* **What you have to do**: Word for word, copy the data that follows and skip its pictures.

Stored records:
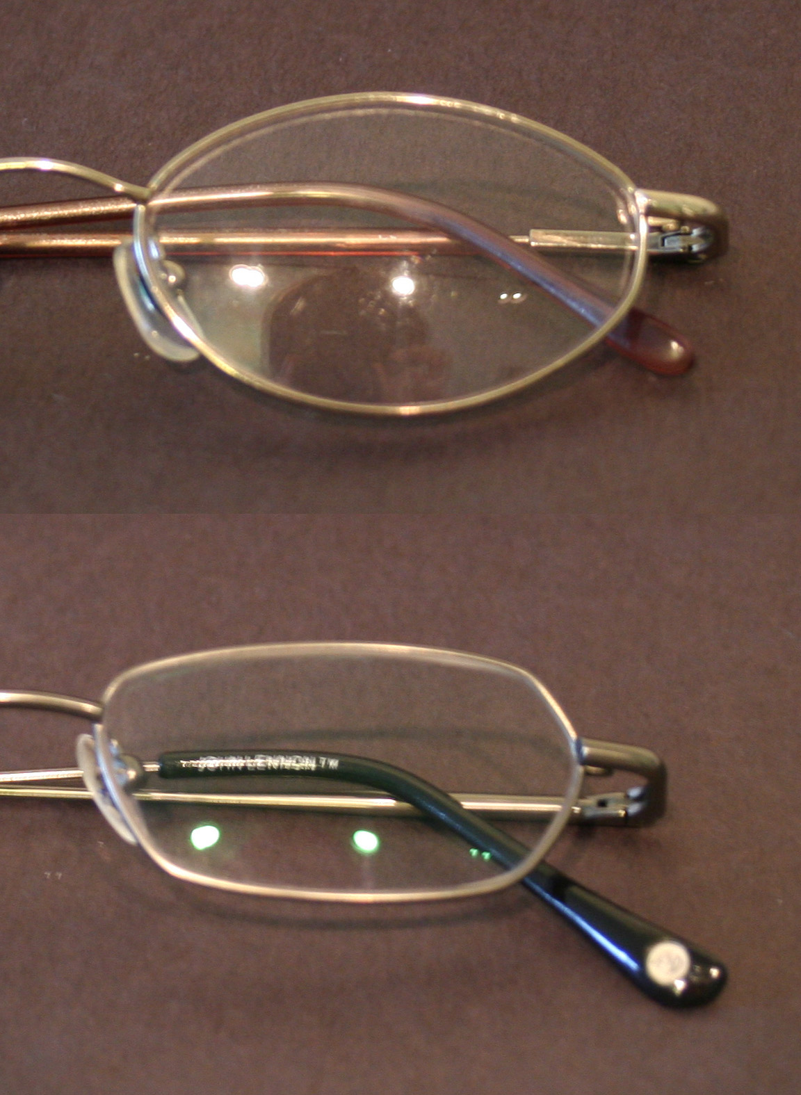 Comparison between a glasses lens without anti-reflective coating (top) and a lens with anti-reflective coating (bottom). Note the reflection of the photographer in the top lens and the tinted reflection in the bottom.
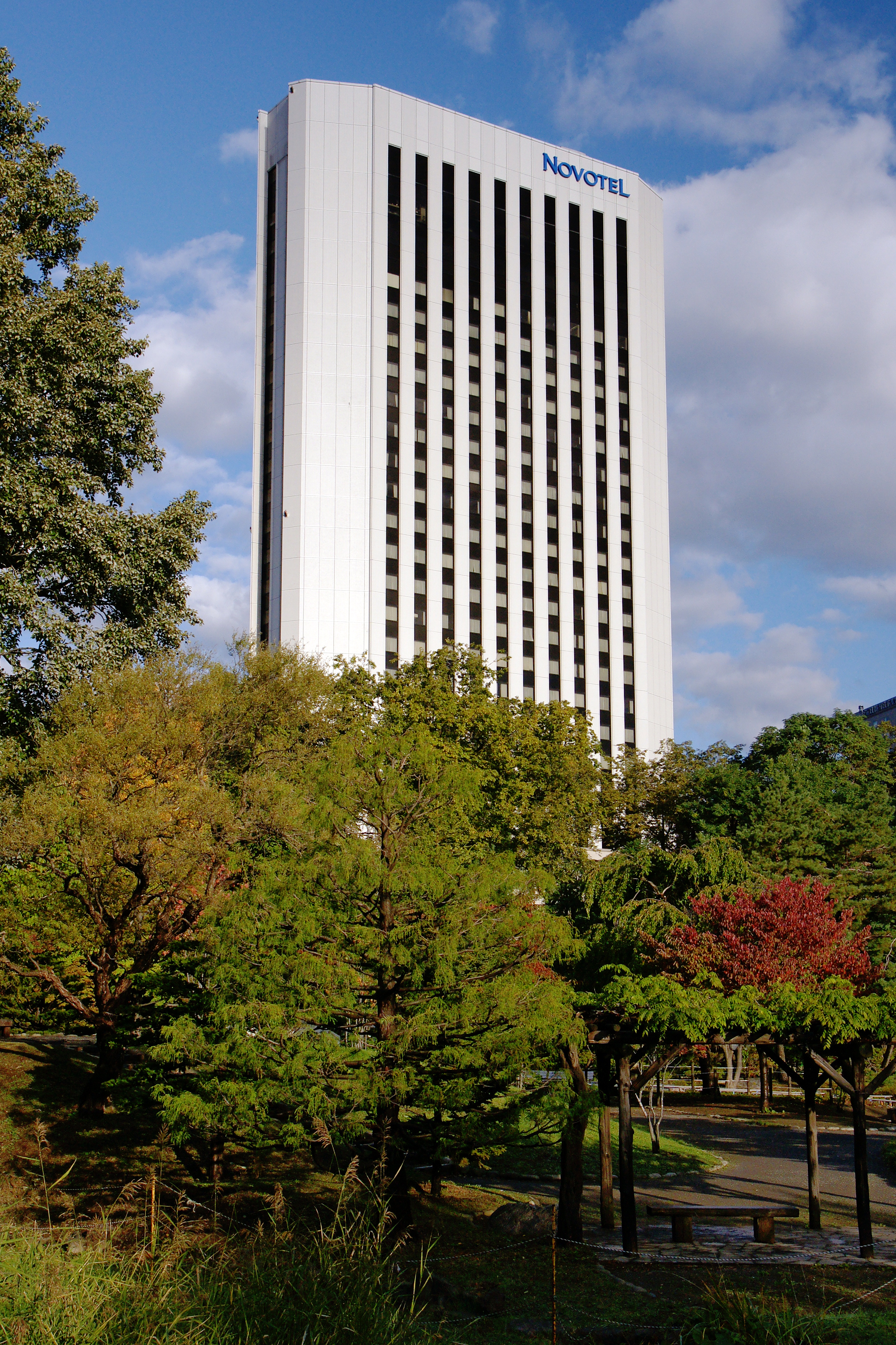 Novotel view from Nakajima Park in Sapporo, Hokkaido prefecture, Japan, on early morning of autumn.
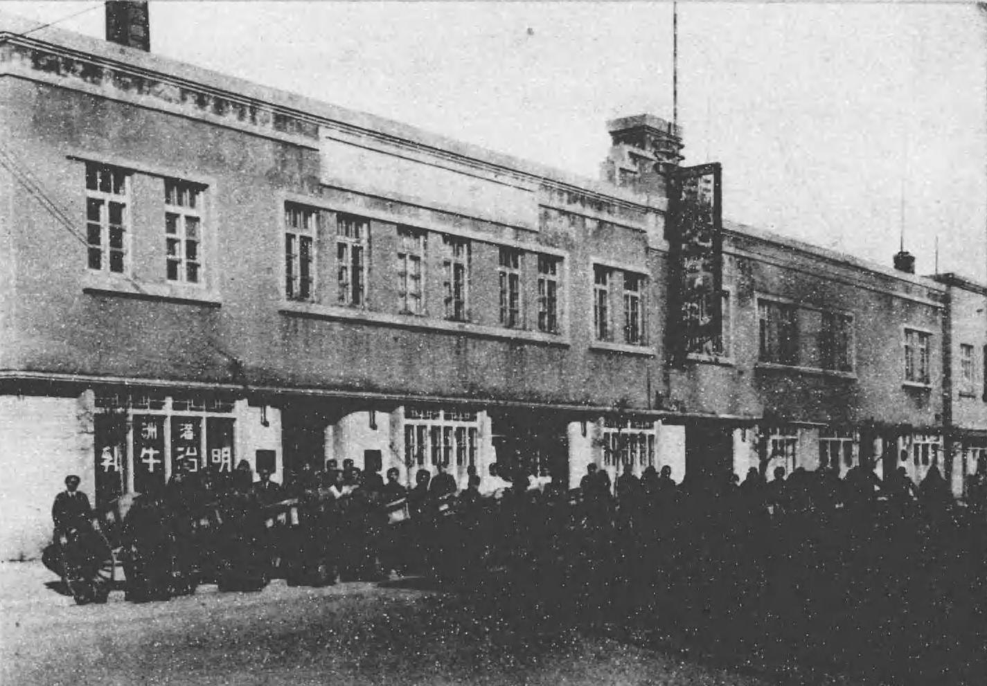 Manshu Meiji GyuuNyuu
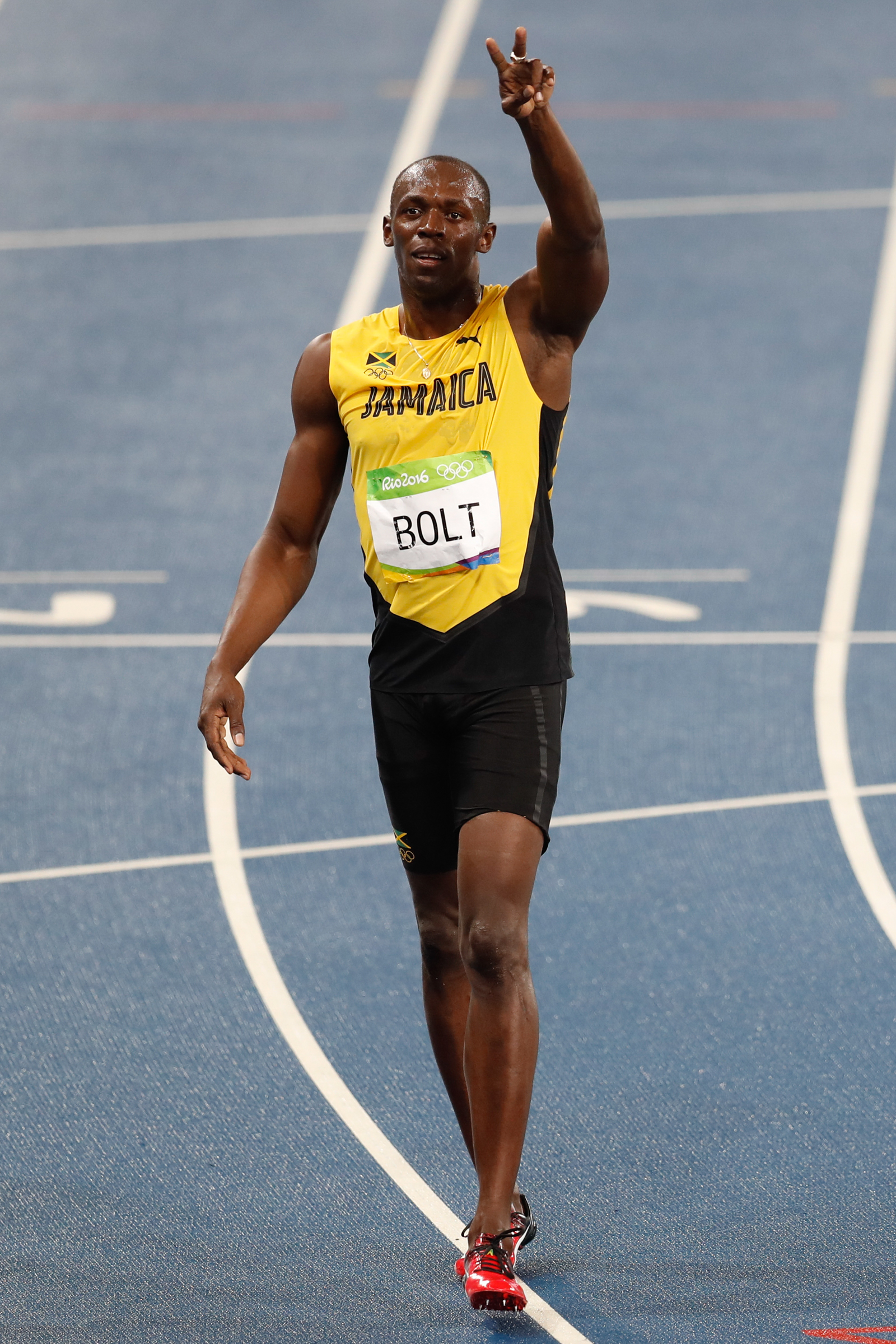 Rio de Janeiro - O Jamaicano Usain Bolt vence prova dos 200m rasos do atletismo e leva medalha de ouro nos Jogos Rio 2016, no Estádio Olímpico (Fernando Frazão/Agência Brasil)
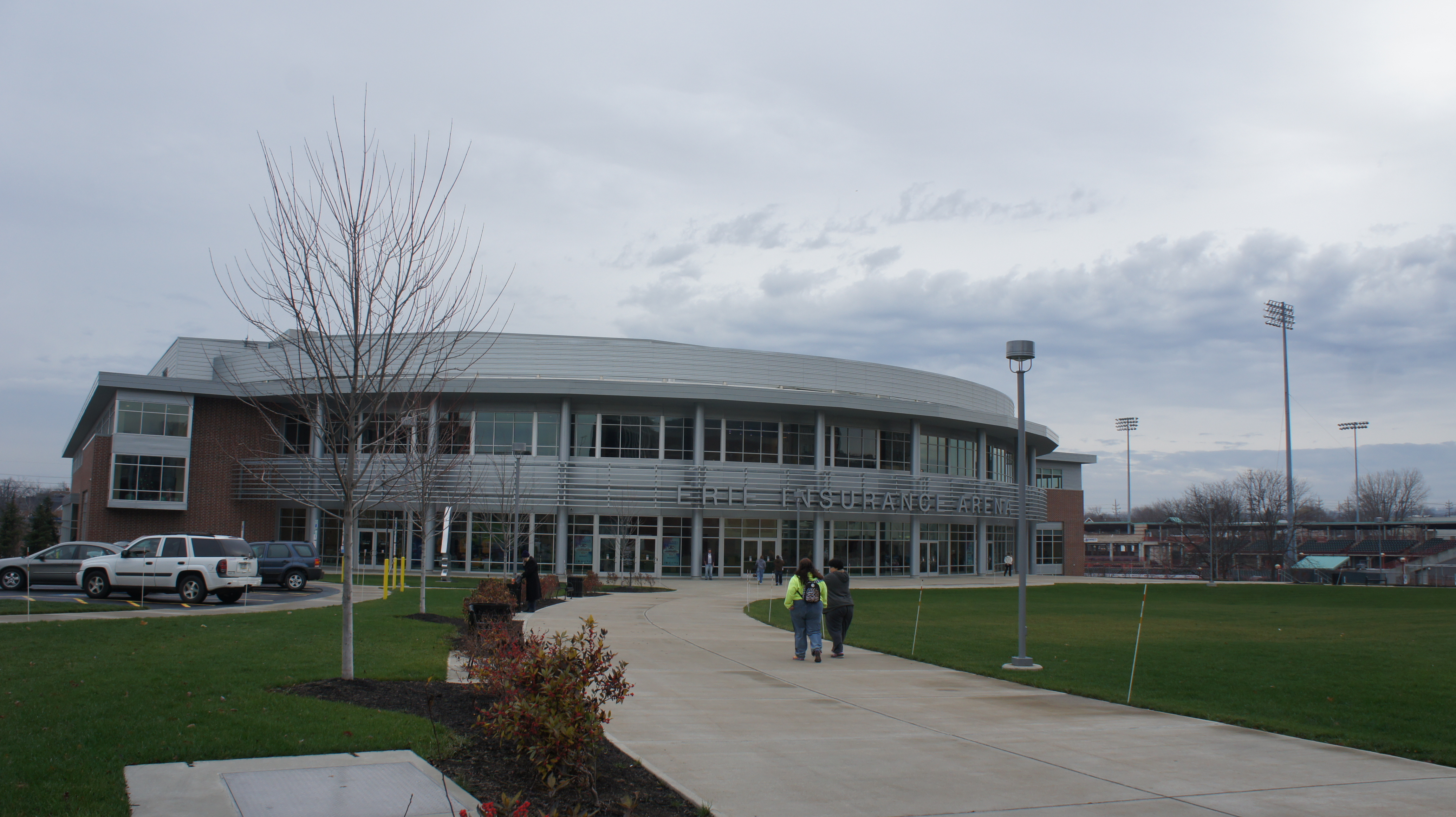 Erie Insurance Arena - Exterior

* **Exercise response**:
 Comparison between a glasses lens without anti-reflective coating (top) and a lens with anti-reflective coating (bottom). Note the reflection of the photographer in the top lens and the tinted reflection in the bottom.
 Novotel view from Nakajima Park in Sapporo, Hokkaido prefecture, Japan, on early morning of autumn.
 Manshu Meiji GyuuNyuu
 Rio de Janeiro - O Jamaicano Usain Bolt vence prova dos 200m rasos do atletismo e leva medalha de ouro nos Jogos Rio 2016, no Estádio Olímpico (Fernando Frazão/Agência Brasil)
 Erie Insurance Arena - Exterior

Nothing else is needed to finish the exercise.